══ Data shown ══

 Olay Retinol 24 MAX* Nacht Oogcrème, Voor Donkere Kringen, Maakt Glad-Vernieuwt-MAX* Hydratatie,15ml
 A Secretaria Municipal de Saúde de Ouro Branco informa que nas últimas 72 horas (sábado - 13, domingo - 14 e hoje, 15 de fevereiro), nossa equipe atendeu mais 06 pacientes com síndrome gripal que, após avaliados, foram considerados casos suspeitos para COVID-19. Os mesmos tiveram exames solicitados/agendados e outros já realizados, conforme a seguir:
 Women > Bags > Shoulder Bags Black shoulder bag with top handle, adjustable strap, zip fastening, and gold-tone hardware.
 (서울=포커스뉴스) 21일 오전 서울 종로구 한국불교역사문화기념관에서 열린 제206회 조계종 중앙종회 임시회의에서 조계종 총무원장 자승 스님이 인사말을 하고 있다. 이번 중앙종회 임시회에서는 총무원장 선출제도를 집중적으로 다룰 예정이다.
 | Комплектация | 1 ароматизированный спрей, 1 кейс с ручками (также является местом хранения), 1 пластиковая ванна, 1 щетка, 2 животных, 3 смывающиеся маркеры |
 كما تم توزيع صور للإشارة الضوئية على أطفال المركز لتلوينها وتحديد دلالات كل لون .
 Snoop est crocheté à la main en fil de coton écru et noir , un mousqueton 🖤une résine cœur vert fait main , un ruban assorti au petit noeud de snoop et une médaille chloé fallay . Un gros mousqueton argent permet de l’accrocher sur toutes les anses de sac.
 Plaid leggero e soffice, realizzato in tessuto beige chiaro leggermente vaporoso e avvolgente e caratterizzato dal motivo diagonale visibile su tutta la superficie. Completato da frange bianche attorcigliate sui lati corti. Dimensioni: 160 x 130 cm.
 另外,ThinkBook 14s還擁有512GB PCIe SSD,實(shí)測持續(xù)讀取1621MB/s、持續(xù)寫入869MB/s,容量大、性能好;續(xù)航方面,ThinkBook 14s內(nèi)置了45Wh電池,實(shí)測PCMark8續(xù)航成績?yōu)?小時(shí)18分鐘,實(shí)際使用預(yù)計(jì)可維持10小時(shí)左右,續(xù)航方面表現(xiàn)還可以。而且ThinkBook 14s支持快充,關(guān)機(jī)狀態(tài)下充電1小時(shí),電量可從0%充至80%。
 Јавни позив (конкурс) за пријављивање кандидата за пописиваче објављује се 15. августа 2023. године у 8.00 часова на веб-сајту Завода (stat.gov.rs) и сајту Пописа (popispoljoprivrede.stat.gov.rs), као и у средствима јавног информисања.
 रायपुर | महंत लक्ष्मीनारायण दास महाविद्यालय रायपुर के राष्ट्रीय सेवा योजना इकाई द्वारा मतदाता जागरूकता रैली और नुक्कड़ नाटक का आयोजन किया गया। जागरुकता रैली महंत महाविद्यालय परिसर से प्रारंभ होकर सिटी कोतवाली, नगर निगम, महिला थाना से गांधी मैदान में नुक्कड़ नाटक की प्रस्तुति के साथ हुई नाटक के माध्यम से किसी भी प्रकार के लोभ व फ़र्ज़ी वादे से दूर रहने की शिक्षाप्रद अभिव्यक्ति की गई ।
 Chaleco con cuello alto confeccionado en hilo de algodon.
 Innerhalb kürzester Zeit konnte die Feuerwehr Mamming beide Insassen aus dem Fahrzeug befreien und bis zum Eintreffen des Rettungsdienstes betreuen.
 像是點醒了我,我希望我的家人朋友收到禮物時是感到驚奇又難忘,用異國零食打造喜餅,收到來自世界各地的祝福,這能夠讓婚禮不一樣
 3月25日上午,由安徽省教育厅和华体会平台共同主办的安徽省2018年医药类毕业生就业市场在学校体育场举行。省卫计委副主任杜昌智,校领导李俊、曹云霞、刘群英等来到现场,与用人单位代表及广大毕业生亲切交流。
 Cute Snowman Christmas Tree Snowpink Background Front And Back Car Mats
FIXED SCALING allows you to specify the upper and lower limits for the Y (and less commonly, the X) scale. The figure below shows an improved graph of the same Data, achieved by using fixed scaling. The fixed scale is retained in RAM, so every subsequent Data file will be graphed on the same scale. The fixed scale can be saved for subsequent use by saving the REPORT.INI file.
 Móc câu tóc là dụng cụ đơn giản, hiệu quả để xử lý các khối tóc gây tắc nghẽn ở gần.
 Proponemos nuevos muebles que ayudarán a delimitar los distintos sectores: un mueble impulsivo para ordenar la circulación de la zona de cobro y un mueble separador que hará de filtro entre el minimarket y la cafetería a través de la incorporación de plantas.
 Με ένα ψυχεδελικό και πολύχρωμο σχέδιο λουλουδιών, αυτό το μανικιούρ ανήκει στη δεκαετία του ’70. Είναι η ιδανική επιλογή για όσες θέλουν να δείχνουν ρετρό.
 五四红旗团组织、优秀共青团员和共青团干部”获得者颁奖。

═══

Word for word, restate the lines of the listing above starting at the line with "रायपुर | महंत" and ending at the line with "像是點醒了我,我希望我的家人", and nothing outside them.

- Task solution:
 रायपुर | महंत लक्ष्मीनारायण दास महाविद्यालय रायपुर के राष्ट्रीय सेवा योजना इकाई द्वारा मतदाता जागरूकता रैली और नुक्कड़ नाटक का आयोजन किया गया। जागरुकता रैली महंत महाविद्यालय परिसर से प्रारंभ होकर सिटी कोतवाली, नगर निगम, महिला थाना से गांधी मैदान में नुक्कड़ नाटक की प्रस्तुति के साथ हुई नाटक के माध्यम से किसी भी प्रकार के लोभ व फ़र्ज़ी वादे से दूर रहने की शिक्षाप्रद अभिव्यक्ति की गई ।
 Chaleco con cuello alto confeccionado en hilo de algodon.
 Innerhalb kürzester Zeit konnte die Feuerwehr Mamming beide Insassen aus dem Fahrzeug befreien und bis zum Eintreffen des Rettungsdienstes betreuen.
 像是點醒了我,我希望我的家人朋友收到禮物時是感到驚奇又難忘,用異國零食打造喜餅,收到來自世界各地的祝福,這能夠讓婚禮不一樣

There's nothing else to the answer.